Starting with the line that holds "Happy indian senior", reproduce each line through the last one of the data, exactly as written. Pictures are not copied.

#### [COLLECTED MATERIAL]
==================================================

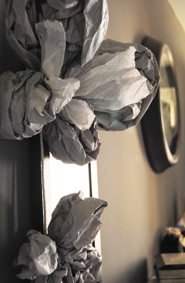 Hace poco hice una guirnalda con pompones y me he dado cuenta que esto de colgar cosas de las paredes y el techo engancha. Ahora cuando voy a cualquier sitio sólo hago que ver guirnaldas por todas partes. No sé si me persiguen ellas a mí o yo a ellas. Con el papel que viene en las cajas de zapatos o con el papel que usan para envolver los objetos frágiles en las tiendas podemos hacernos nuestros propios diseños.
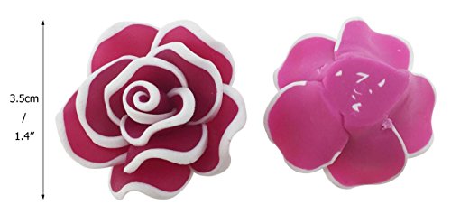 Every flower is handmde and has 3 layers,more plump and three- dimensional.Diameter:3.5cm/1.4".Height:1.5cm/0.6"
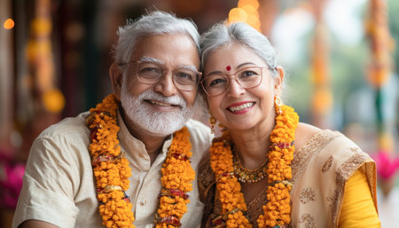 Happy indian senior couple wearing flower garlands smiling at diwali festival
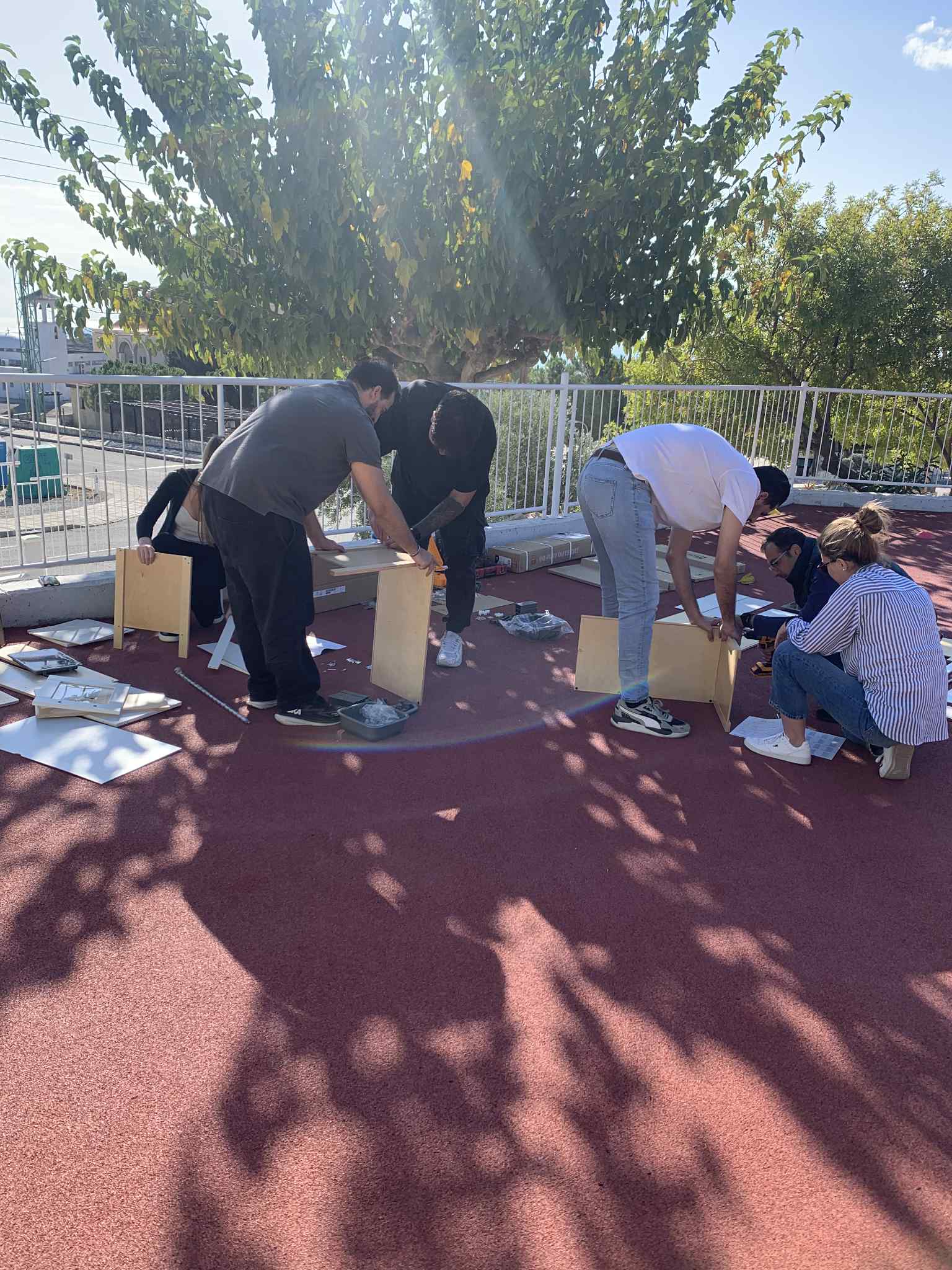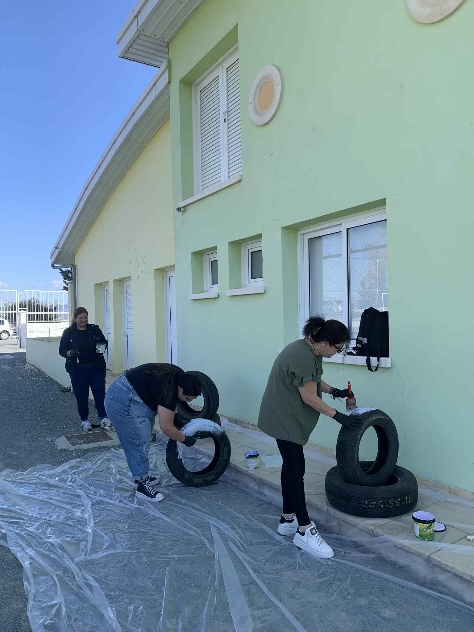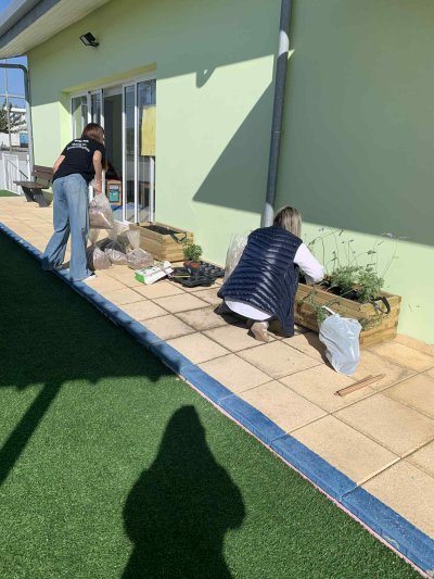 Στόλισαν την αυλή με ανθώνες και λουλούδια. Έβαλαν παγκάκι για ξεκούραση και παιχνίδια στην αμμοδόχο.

==================================================

#### [YOUR RESPONSE]
 Happy indian senior couple wearing flower garlands smiling at diwali festival
 Στόλισαν την αυλή με ανθώνες και λουλούδια. Έβαλαν παγκάκι για ξεκούραση και παιχνίδια στην αμμοδόχο.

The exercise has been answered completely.